◆ Available data
————
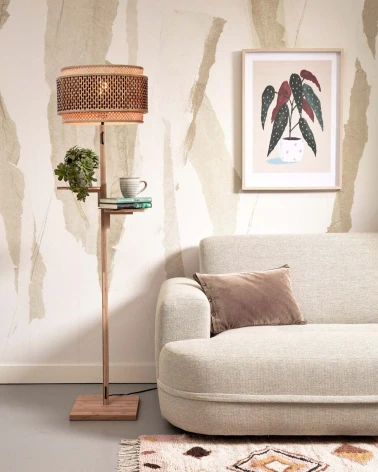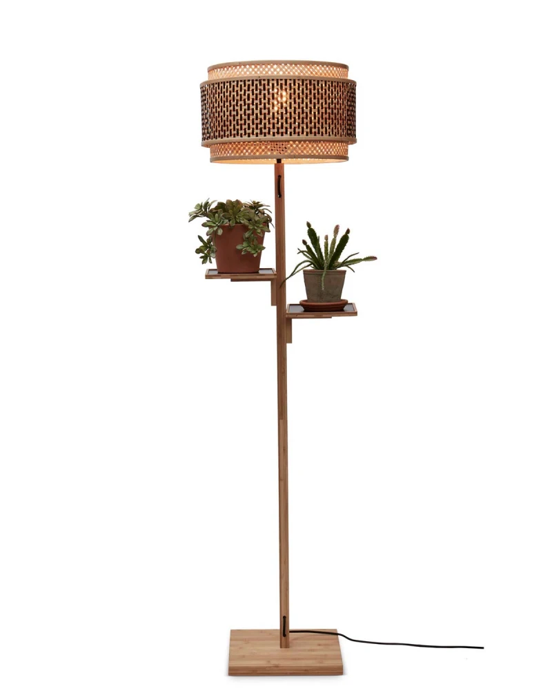 Stojaca lampa Bhutan s poličkou, výška 160 cm, prírodná, Good&Mojo
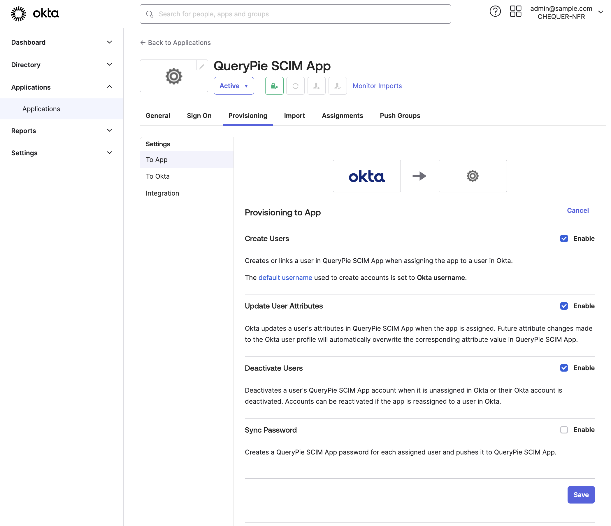 Saveボタンをクリックします。 - Okta連動 | OktaでQueryPieアプリケーション連動情報設定およびOkta連動 | QueryPieでOkta連動および同期設定に従ってSSO連動を完了した後、以降のステップを進行してください。
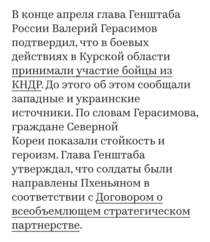 Теоретически бойцы КНДР в любой момент могут вновь принять участие в боевых действиях на любом направлении СВО. Двусторонняя правовая база между Российской Федерацией и Северной Кореей на этот счёт имеется — оказание военной помощи юридически легитимно.
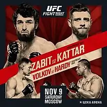 UFC Fight Night: Magomedsharipov vs. Kattar (also known as UFC Fight Night: Zabit vs. Kattar, UFC Fight Night 163 and UFC on ESPN+ 21) was a mixed martial arts event produced by the Ultimate Fighting Championship that took place on November 9, 2019 at CSKA Arena in Moscow, Russia.[2][3]
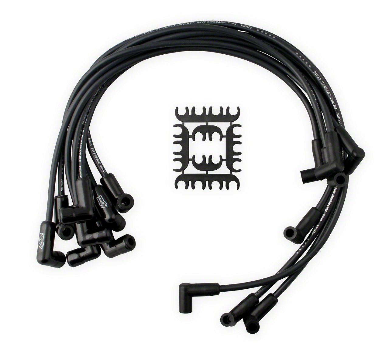 ACCEL Extreme 9000 Ceramic Boot Wires feature ultra high-temperature, double silicone, 8mm, 500 ohms/ft Ferro-Spiral core wire developed for performance use. The wire is rated at 600 degrees Fahrenheit peak and the black Ceramic boots withstand up to 2,000 degrees. Great for running headers with close tolerances, an engine bay with little room or an application with high under-hood temps. ACCEL Extreme 9000 wires offer excellent energy delivery to the spark plugs through stainless steel spark plug terminals, while providing the highest level of RFI/EMI suppression.
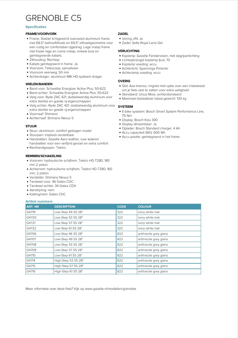 Ga erop uit. Met Grenoble C5 is elke rit comfortabel; rechtop fietsen, stille ondersteuning en een gemakkelijke instap. De extra aandacht voor integratie en afwerking benadrukt het elegante comfort.
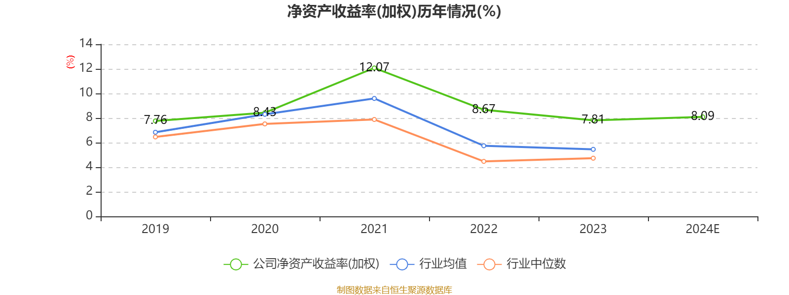 数据显示,2024年公司加权平均净资产收益率为8.09%,较上年同期上升0.28个百分点。
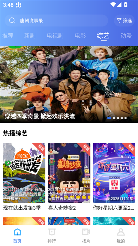 1、大家打开软件进到首页,就能看到分好的各种频道,像是什么新剧、电影、综艺都在这儿排列得整整齐齐。
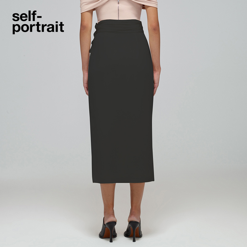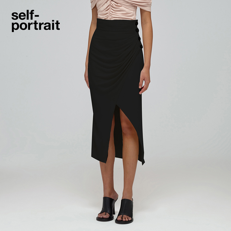 self-portrait 2022 spring and summer classic black big slit design light luxury high-end bottoms half skirt midi skirt
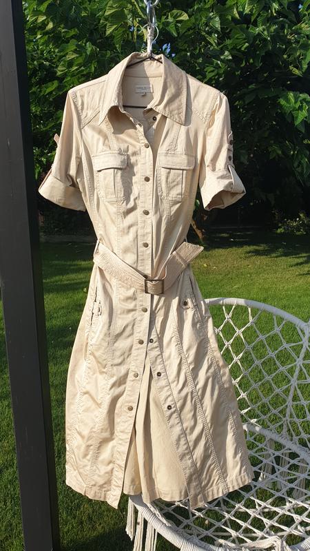Классическое платье-рубашка в стиле сафари от Karen Millen. Хорошее состояние, брендированная фурнитура, пасок в комплекте. Размер UK12 (ближний к М). Замеры: п/о грудь 47 см, талия 41 см, бедра 50 см. На фото нагнуто на параметры 91-73-100. Ткань коттон с эластаном, красиво тянется. Присутствующие малозаметные дефекты ткани вокруг нескольких кнопок, но, учитывая структуру и цвет ткани, их в носу не видно (последнее фото крупным планом). Цена такого же на реси-платформе на предостановочном фото. Цена для платья просто символична.
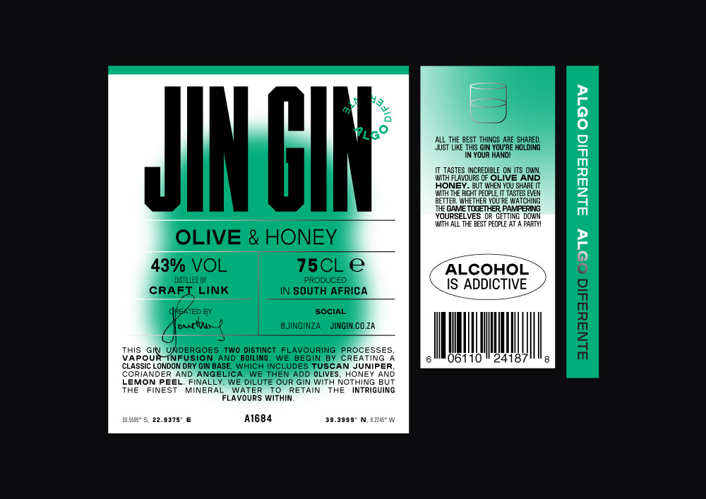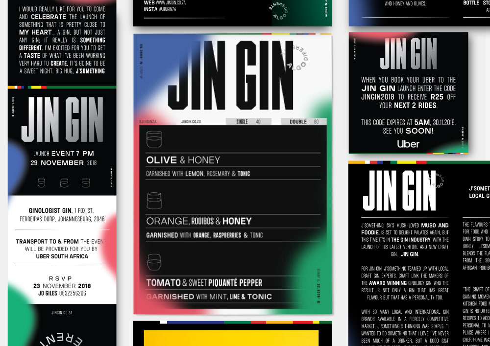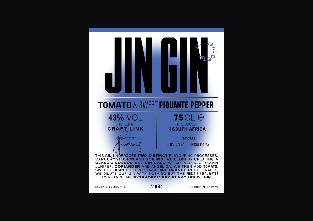 Jin Gin is the brainchild of local musician and chef J’Something. Jin Gin is produced by Ginologist, the people who make the best Gins in South Africa. J’Something is a blend of Portuguese and South African; all of the flavours would be inspired by his unique heritage. The variants within the collection include rooibos, orange & honey; tomato & sweet piquant peppers & honey & olives. Photography: Donovon Thorne, Kgabo Legora & Daniel Ting Chong Food Stylist: Elise Ruddle Copywriter: Paul White Animator: Nathan Fourie Website: Andrew Cowley
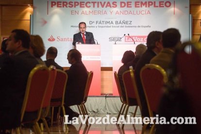 Desayuno de La Voz de Almería, patrocinado por Banco Santander, con la presencia de la ministra de Empleo y Seguridad Social, Fátima Báñez. Fotos: Juan Sánchez y JA Barrios.
————
◆ Task brief
Working from the data above, repeat exactly, and only, the lines that begin at the line containing "Saveボタンをクリックします。 - Okta連動" and stop after the line containing "UFC Fight Night: Magomedsharipov"; pictures are not copied.

◆ Solution to the exercise
 Saveボタンをクリックします。 - Okta連動 | OktaでQueryPieアプリケーション連動情報設定およびOkta連動 | QueryPieでOkta連動および同期設定に従ってSSO連動を完了した後、以降のステップを進行してください。
 Теоретически бойцы КНДР в любой момент могут вновь принять участие в боевых действиях на любом направлении СВО. Двусторонняя правовая база между Российской Федерацией и Северной Кореей на этот счёт имеется — оказание военной помощи юридически легитимно.
 UFC Fight Night: Magomedsharipov vs. Kattar (also known as UFC Fight Night: Zabit vs. Kattar, UFC Fight Night 163 and UFC on ESPN+ 21) was a mixed martial arts event produced by the Ultimate Fighting Championship that took place on November 9, 2019 at CSKA Arena in Moscow, Russia.[2][3]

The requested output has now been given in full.